Photon-counting CT is generating excitement at RöKo 2026, but the evidence base is still building. Here, Goyen pushed back on the idea that hospitals should wait for perfect data before investing.
"If we waited for perfect evidence before every major imaging innovation, many technologies we now consider standard would have arrived years later," he said.
For Goyen, the key isn't whether photon-counting CT produces prettier images, but whether it changes clinical confidence, workflow efficiency, dose performance, or patient management in meaningful ways.
Different hospitals will apply different thresholds. Large academic centers may invest earlier because part of their mission is innovation and evidence generation. Smaller hospitals may reasonably wait for more mature health-economic data.
"But what is important is that hospitals avoid two extremes," Goyen said. "Adopting technology simply because it is exciting, or rejecting innovation simply because the evidence is still evolving."
When excessive caution can become paralysis
As of early 2026, the U.S. Food and Drug Administration (FDA) has authorized approximately 1,450 AI medical products, with around 76% in radiology. Europe has roughly 200–300 CE-marked AI tools, depending on the database. Goyen sees this gap as a commercial risk, not necessarily a clinical one.

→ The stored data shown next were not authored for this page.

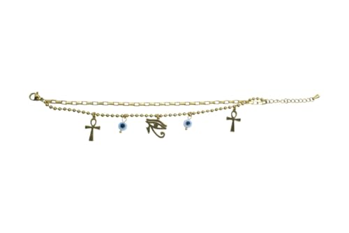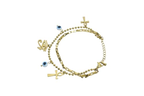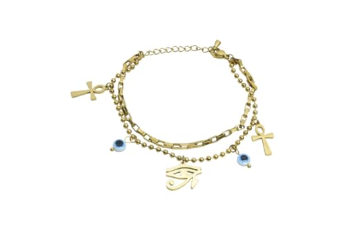 Generic - سوار من الستانلس ستيل مزين برمز مصري وعين الحسد للنساء - ذهبي
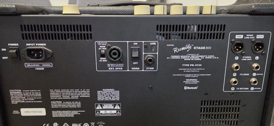 Digitalno pojačalo basova. Idealan za uvježbavanje i snimanje, Rumble Stage 800 iskoristio je moćnu snagu prerade našeg GT motora kako bi isporučio arenu vrijednu realističnih basova i modela efekta. Izradite vlastiti zvuk i nadahnite se s više od 15 modela i 40 efekata, a sve je moguće kontrolirati putem Bluetootha i ekskluzivne aplikacije Fender Tone. Kao prvi svjetski WiFi opremljeni bas pojačalo, Rumble Stage 800 olakšava istraživanje suvremenih zvukova i ažurira vašu paletu za nove zvučne mogućnosti. Pomoću aplikacije Fender Tone jednostavno je preuzeti najnovija ažuriranja, dodati nove modele pojačala i efekata, pristupiti unaprijed postavljenim Fenderovim izvođačima i povezati se izravno s zajednicom drugih kreativnih igrača i glazbenika. Razvili smo nove modele pojačala i efekata s još više vjernosti i realnijim odgovorom, zajedno s fleksibilnošću putanja signala, tako da možete premjestiti efekte bilo gdje u signalnom lancu za kreativno istraživanje. Programirajte zvukove u studiju na velikom LCD zaslonu u boji Rumble Stage 800 i zatim ih odnesite bilo gdje. Ulaz: utičnica od 6,3 mm. Kabinetni materijal: lagana šperploča. Ručka: lijepljeni plastični remen. Snaga: 800 W. Zvučnici: 2 x 10 "Eminence keramički magnet. Impedancija: 8 Ohm. Dimenzije: 45,70 x 57,90 x 69 cm. Težina: 17,94 kg. Boja: crna
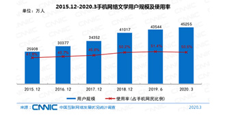 2015.12-2020.3手機網(wǎng)絡文學用戶規(guī)模及使用率
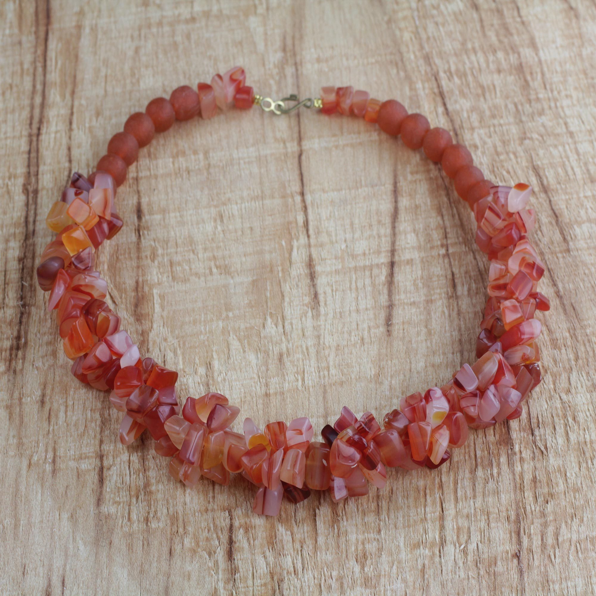 Harriet Faako Adjei creates this beautiful beaded necklace from agate chips and recycled glass beads. Crafted by hand in Ghana, the necklace features dozens of dainty agate chips in warm shades of coral red adorning the front. Recycled glass beads decorate the back of the necklace, completing the delightful design.
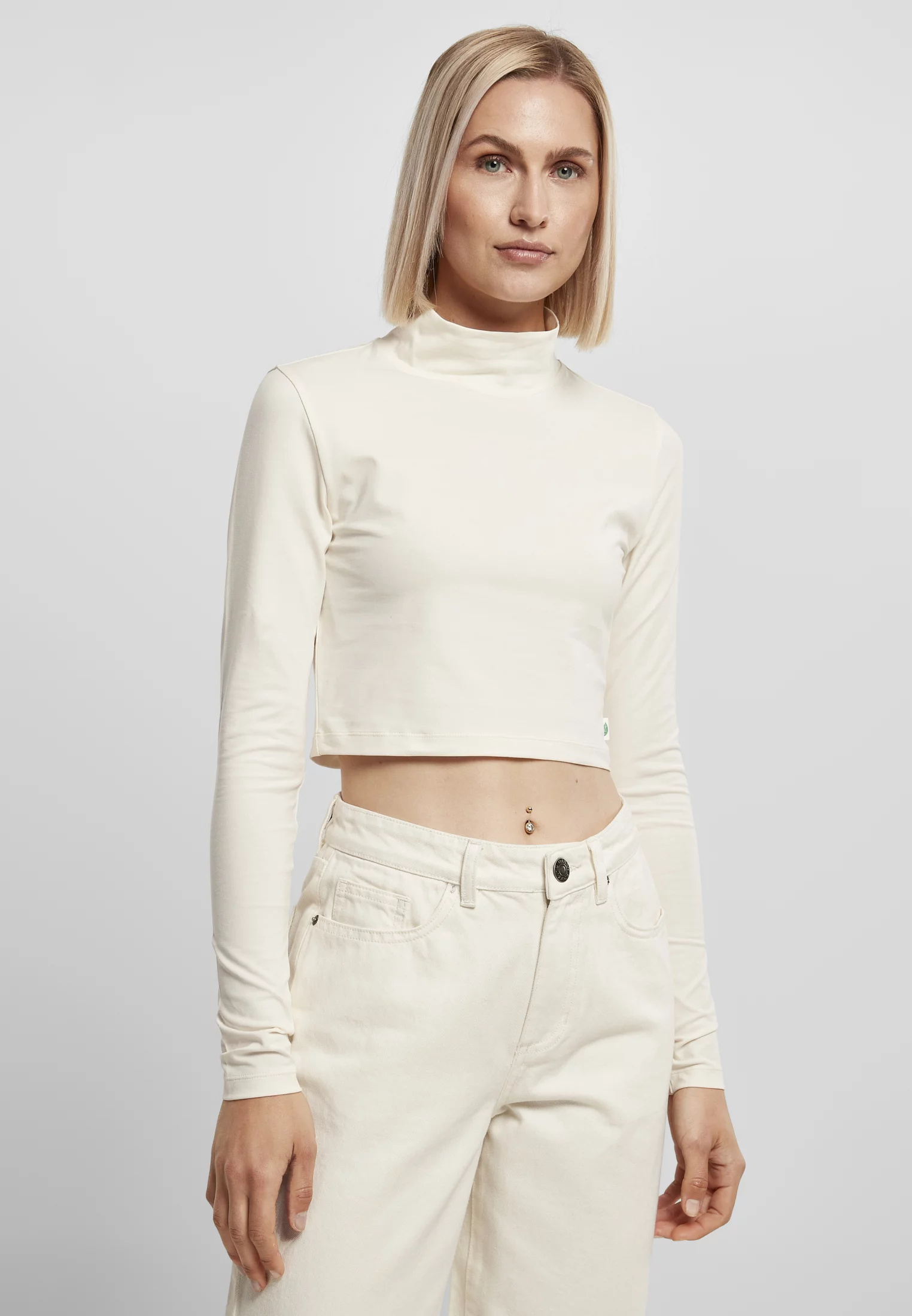 Klasický reinterpretovaný – tento zkrácený dámský top s dlouhými rukávy a malým elegantním rolákem zvýrazňuje pas a sedí těsně na postavě díky vysoce kvalitní organické strečové žerzejové látce. Dámská košile samozřejmě nabízí i příslušné ekologické označení.

"The United States has created a much faster environment for innovation, commercialization, scaling, and reimbursement," he said. "Europe, by contrast, tends to move more cautiously, with stronger emphasis on validation, governance, privacy, and how systems actually work in practice."
The danger, Goyen warned, is that excessive caution can become paralysis. If innovation takes too long to reach clinical practice, patients lose access to meaningful advances.
"Europe as stress test for healthcare innovation"
But there's another side to the story: European healthcare systems are extraordinarily complex, fragmented, and heterogeneous. If an AI solution succeeds across Europe, across different workflows, reimbursement systems, languages, and clinical cultures, it's often very robust.
"Europe may actually function as a kind of stress test for healthcare innovation," Goyen said. "The real challenge is finding the balance between speed and responsibility."
Pure acceleration without governance creates noise and fragmentation. But regulation without implementation creates irrelevance. And right now, Europe is searching for its North Star between the EU AI Act's guardrails and the clinical urgency of 2026.